▶ [What is being asked] The copy should hold exactly the lines below from the one that contains "Cu acest prilej, Muzeul" through the one that contains "其中,位于150℃的还原峰归" and nothing else, so no pictures.

▶ [Exercise inputs]
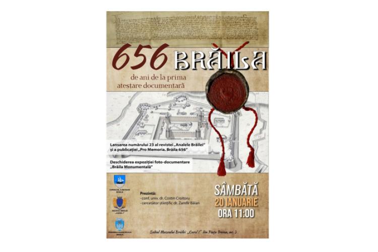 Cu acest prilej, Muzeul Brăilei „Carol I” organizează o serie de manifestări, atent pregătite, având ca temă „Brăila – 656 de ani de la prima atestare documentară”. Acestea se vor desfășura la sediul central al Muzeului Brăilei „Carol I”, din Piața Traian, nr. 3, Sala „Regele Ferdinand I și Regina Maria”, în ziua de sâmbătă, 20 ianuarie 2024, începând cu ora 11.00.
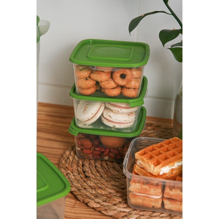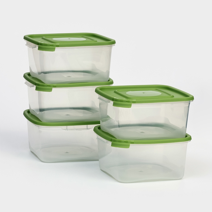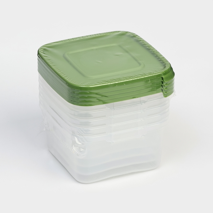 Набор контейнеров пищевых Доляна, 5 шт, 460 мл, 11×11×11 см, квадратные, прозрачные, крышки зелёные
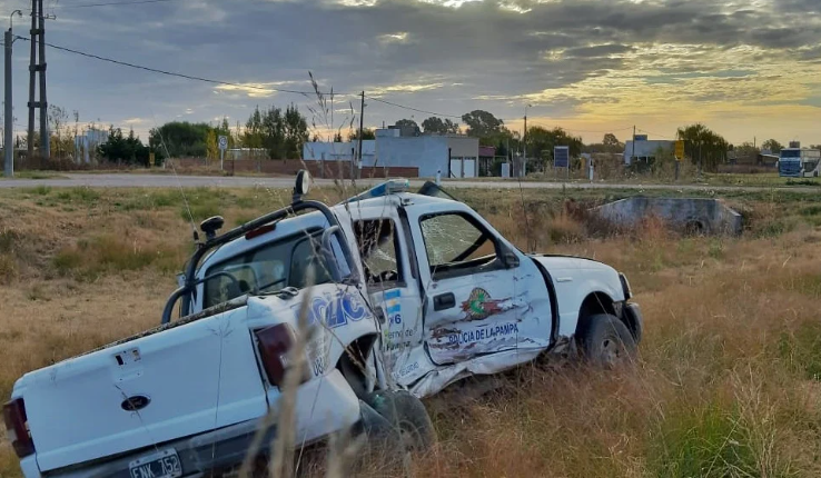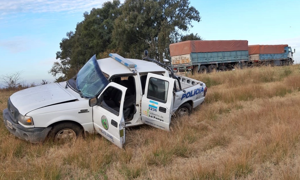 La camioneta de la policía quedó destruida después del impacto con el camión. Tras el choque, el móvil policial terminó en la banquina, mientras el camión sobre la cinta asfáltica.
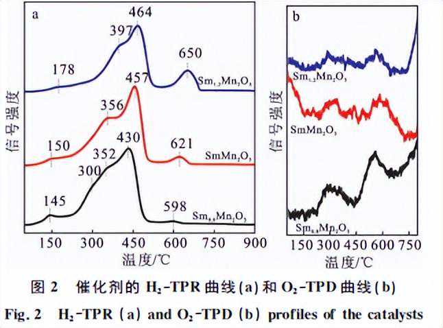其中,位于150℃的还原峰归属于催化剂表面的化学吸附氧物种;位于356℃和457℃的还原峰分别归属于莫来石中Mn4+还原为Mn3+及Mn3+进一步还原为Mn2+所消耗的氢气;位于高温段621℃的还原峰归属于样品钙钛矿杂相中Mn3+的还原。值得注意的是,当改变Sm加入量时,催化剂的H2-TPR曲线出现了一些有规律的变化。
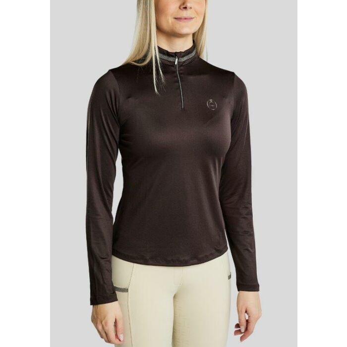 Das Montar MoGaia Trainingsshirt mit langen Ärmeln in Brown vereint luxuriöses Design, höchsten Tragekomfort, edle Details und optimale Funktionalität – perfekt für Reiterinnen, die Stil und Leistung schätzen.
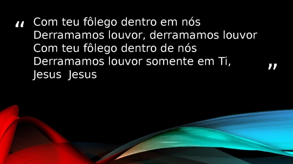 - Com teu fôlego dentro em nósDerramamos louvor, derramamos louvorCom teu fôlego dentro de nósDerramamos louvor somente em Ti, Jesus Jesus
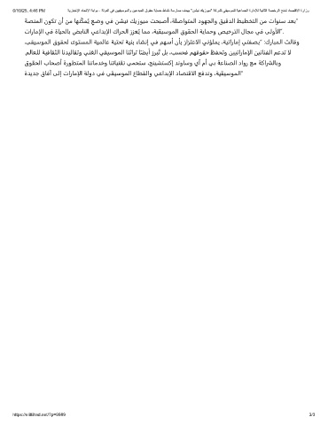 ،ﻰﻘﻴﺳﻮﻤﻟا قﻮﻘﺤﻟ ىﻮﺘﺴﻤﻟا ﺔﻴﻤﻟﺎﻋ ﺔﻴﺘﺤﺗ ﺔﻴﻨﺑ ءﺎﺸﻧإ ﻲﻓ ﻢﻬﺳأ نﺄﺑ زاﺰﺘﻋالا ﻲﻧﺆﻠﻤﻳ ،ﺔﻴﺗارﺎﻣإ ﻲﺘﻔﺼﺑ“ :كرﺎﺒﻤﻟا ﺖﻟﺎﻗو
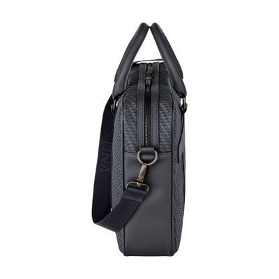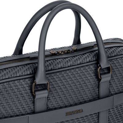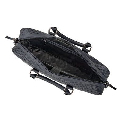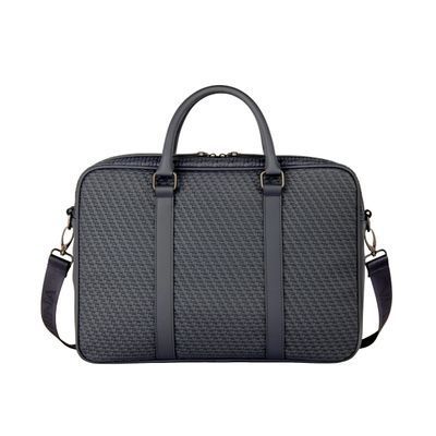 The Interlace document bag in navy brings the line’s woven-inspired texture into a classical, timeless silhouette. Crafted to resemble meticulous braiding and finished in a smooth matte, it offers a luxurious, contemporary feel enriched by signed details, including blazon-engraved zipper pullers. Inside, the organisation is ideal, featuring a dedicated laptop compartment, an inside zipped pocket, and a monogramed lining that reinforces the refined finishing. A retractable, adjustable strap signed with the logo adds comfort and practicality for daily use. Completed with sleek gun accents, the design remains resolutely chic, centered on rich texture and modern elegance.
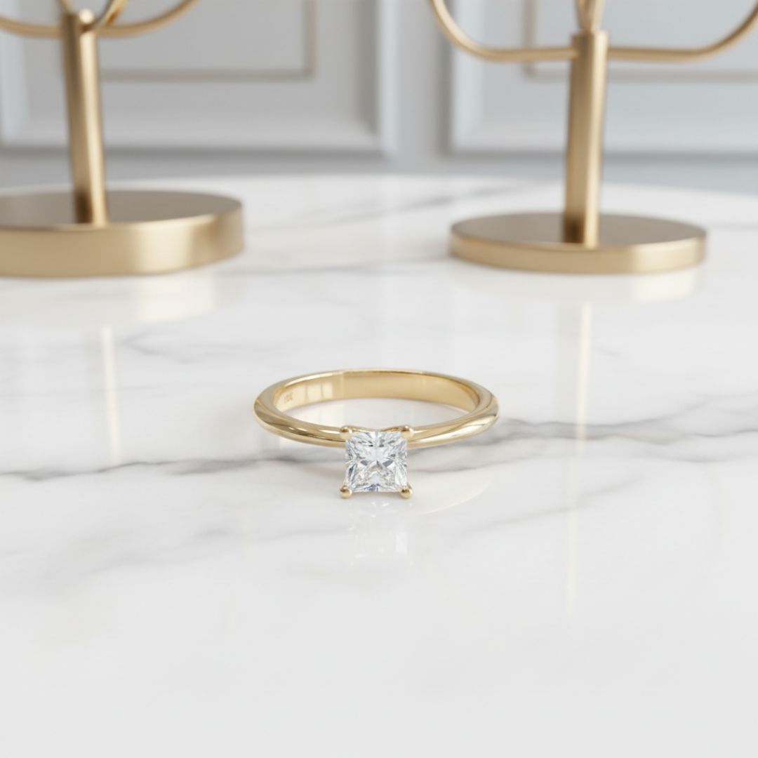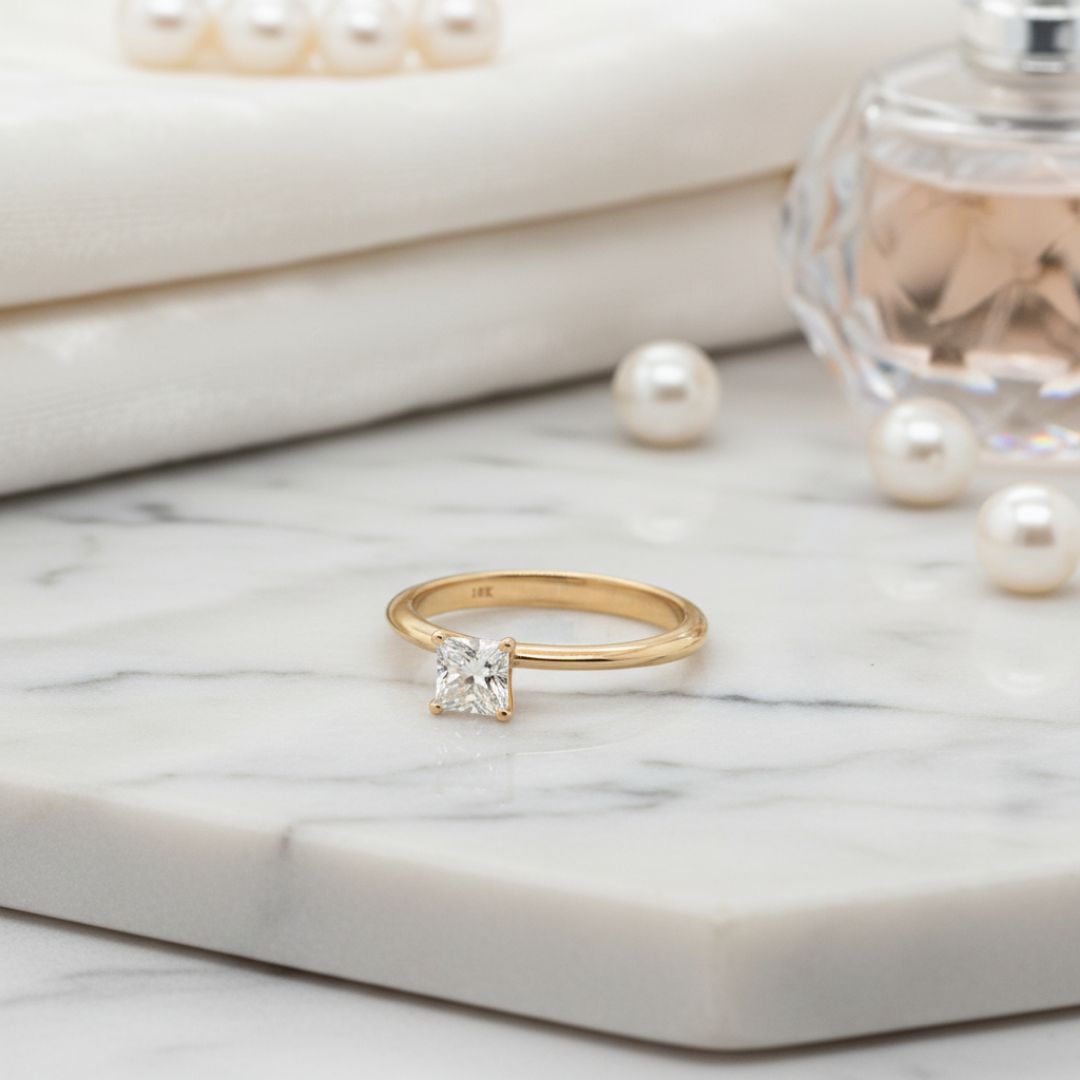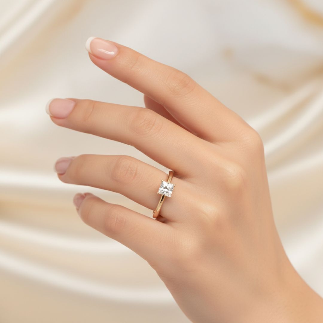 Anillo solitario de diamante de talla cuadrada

---

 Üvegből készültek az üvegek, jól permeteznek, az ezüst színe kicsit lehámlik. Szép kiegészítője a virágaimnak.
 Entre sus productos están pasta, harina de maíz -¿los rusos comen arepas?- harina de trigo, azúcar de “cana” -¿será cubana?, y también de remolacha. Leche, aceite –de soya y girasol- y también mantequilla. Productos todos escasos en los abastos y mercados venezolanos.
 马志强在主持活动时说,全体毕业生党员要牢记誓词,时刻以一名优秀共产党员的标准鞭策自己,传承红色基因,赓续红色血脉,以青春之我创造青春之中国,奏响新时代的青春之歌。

---

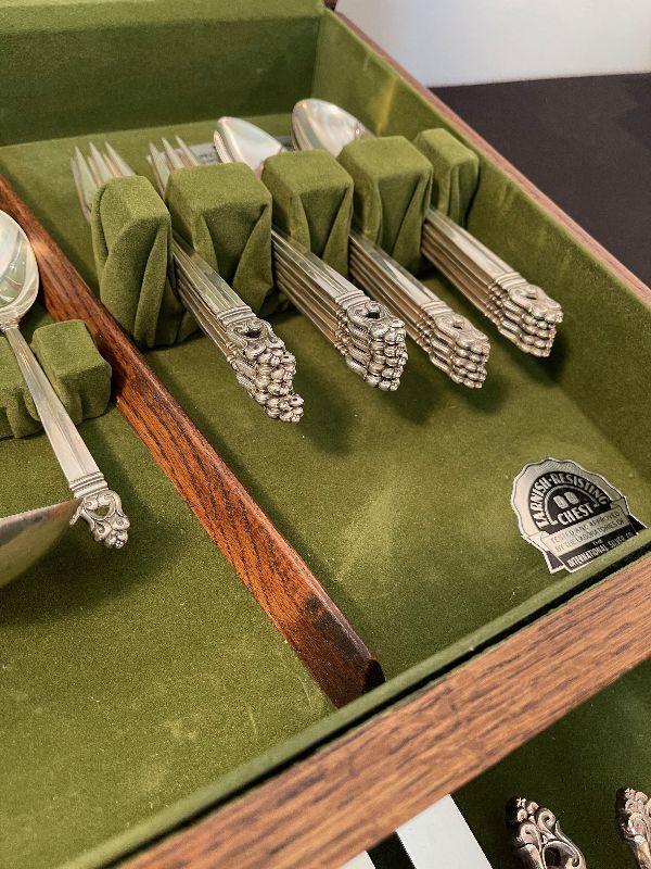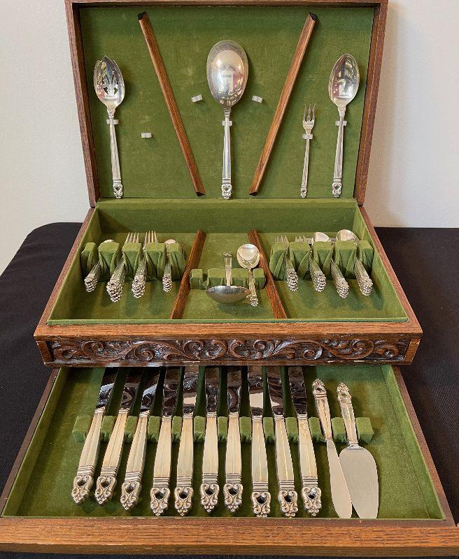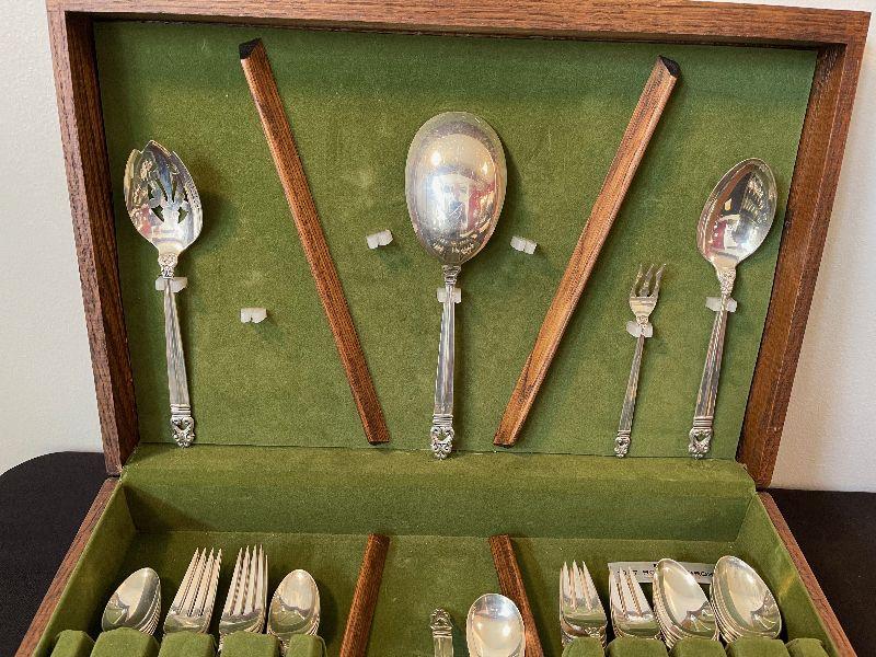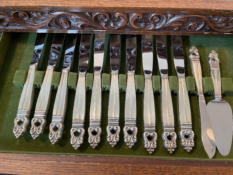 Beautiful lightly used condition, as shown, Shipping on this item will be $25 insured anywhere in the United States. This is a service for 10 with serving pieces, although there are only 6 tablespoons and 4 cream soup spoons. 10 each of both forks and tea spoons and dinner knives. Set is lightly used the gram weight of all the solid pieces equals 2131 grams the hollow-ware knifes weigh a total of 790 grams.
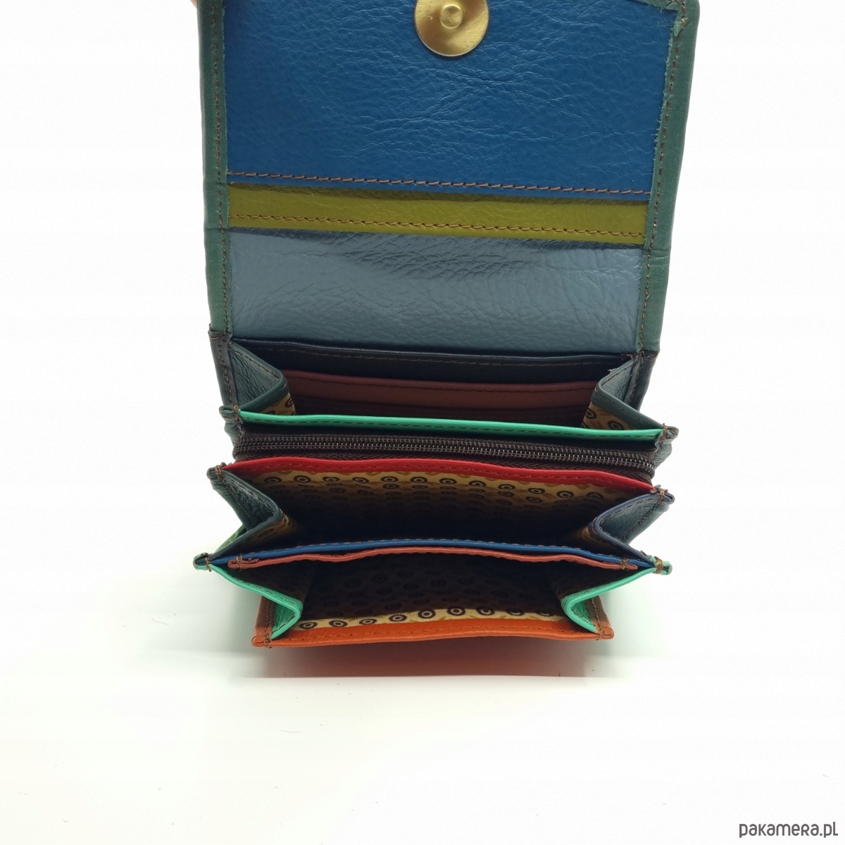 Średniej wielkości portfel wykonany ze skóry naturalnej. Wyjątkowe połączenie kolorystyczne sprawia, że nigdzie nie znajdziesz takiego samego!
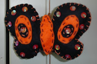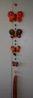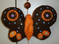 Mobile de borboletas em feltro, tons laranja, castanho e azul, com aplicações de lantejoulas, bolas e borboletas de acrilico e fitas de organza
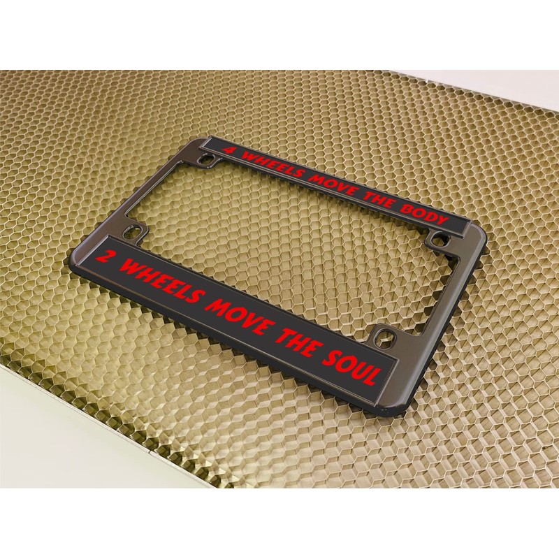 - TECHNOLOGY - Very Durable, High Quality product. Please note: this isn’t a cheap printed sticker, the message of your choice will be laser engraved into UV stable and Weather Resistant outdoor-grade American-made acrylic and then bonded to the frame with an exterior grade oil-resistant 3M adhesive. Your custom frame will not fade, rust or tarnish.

▶ [Answer box]
 Cu acest prilej, Muzeul Brăilei „Carol I” organizează o serie de manifestări, atent pregătite, având ca temă „Brăila – 656 de ani de la prima atestare documentară”. Acestea se vor desfășura la sediul central al Muzeului Brăilei „Carol I”, din Piața Traian, nr. 3, Sala „Regele Ferdinand I și Regina Maria”, în ziua de sâmbătă, 20 ianuarie 2024, începând cu ora 11.00.
 Набор контейнеров пищевых Доляна, 5 шт, 460 мл, 11×11×11 см, квадратные, прозрачные, крышки зелёные
 La camioneta de la policía quedó destruida después del impacto con el camión. Tras el choque, el móvil policial terminó en la banquina, mientras el camión sobre la cinta asfáltica.
其中,位于150℃的还原峰归属于催化剂表面的化学吸附氧物种;位于356℃和457℃的还原峰分别归属于莫来石中Mn4+还原为Mn3+及Mn3+进一步还原为Mn2+所消耗的氢气;位于高温段621℃的还原峰归属于样品钙钛矿杂相中Mn3+的还原。值得注意的是,当改变Sm加入量时,催化剂的H2-TPR曲线出现了一些有规律的变化。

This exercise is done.